なあに?と、首をかしげて微笑むその顔に、思わず。





「好きだぜ」





あ、と気づいた時にはもうすでに。

ただの本音が、ぽろりと零れていた。



「……ええ、私も好きよ」



そう、アリスが答えて。





刹那、私達の顔は茹蛸みたいに赤く染まった。



言葉遊びはもうおしまい。



私はやっと、境界線の内側へと一歩を踏み出した。



彼女のスキは、どんなスキ?










********************












『すき、スキ、好き』




ずっとずっと、言えなかった『好き』の言葉。

ずっとずっと、言えなかったその言葉は、思いがけず零れた言葉で。



真っ赤に染まったあなたの顔が、どうしようもなく嬉しい。
真っ赤に染まった自分の顔が、どうしようもなく熱い。



「い、今までずっと友達としてって言ってたじゃないか!」
「ま、魔理沙だってずっと本気で言ってくれたことなかったでしょ?!」



そんなことを言いあって、睨み合って。

しばらくそうしてるうちに、なにか可笑しくなって。



二人同時に、吹き出した。



涙が出るほど可笑しくて。
涙が出るほど、嬉しくて。



ああ、もう。

なんて無駄な考えを巡らしていたのだろうか。



言ってしまえば、こんなにも簡単な事だったのに。



時間を無駄になんて、もう使えない。



「なあ、アリス。

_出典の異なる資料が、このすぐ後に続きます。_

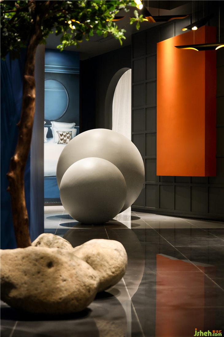 多形式的混合照明有利于形成良好的室內(nèi)環(huán)境,面光與墻面光互相配合,無論是規(guī)律的牛眼燈,還是從井格射出的光線,抑或后現(xiàn)代雙管鋁筒斜管燈,設計性和存在感都是其特色,或靜或動或明或暗,圍合出一種光羽琤琮,朗月澄明的空間意境。

スキの反対、知ってるか?」



え?と首をかしげるアリスに、にやりとほくそ笑む。



今度の答えは、簡単。



「スキの反対は──」



そんな言葉と同時に、ズイっと顔を近づけて。

油断しきった隙だらけのアリスの唇を、奪う。



「──キス、だろ?」



してやったりとニカリと笑えば、彼女はあっけにとられた様に放心していた。



これから先、いくつもの境界線が私達には待っているのだろう。


その度に、いくつもいくつも、それを越えて。



きっといつか、あなたに伝えよう。



私はあなたと一緒にいられることが幸せなんだ、って。